DATA FOR THE TASK:

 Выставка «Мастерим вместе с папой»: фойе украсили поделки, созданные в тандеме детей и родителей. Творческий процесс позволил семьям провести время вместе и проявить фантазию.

==

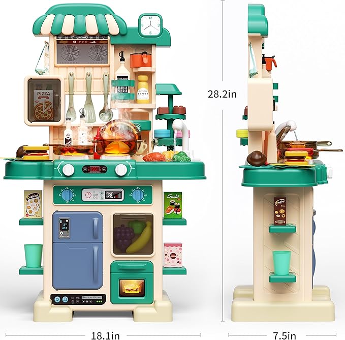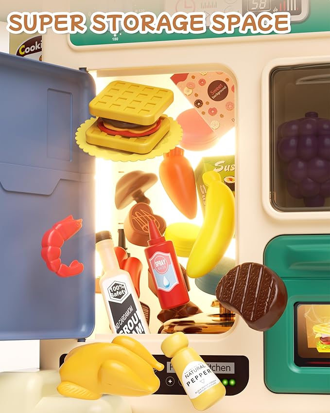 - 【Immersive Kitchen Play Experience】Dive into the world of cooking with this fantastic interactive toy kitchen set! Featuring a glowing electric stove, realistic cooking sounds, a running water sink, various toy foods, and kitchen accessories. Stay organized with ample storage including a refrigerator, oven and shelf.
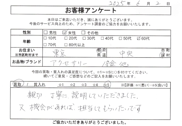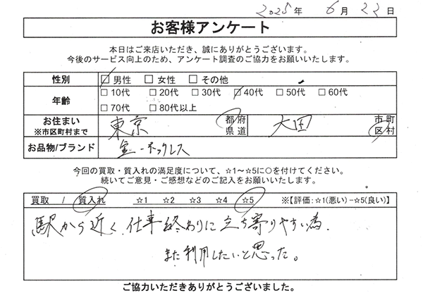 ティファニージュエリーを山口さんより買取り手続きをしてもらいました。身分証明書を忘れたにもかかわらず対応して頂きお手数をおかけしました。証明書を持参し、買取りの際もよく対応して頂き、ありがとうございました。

TO DO: Print everything from the line with "- 【Immersive Kitchen" down to the line with "ティファニージュエリーを山口" in the entries above, both lines included and nothing more, without the pictures.

SOLUTION TO THIS TASK:
 - 【Immersive Kitchen Play Experience】Dive into the world of cooking with this fantastic interactive toy kitchen set! Featuring a glowing electric stove, realistic cooking sounds, a running water sink, various toy foods, and kitchen accessories. Stay organized with ample storage including a refrigerator, oven and shelf.
 ティファニージュエリーを山口さんより買取り手続きをしてもらいました。身分証明書を忘れたにもかかわらず対応して頂きお手数をおかけしました。証明書を持参し、買取りの際もよく対応して頂き、ありがとうございました。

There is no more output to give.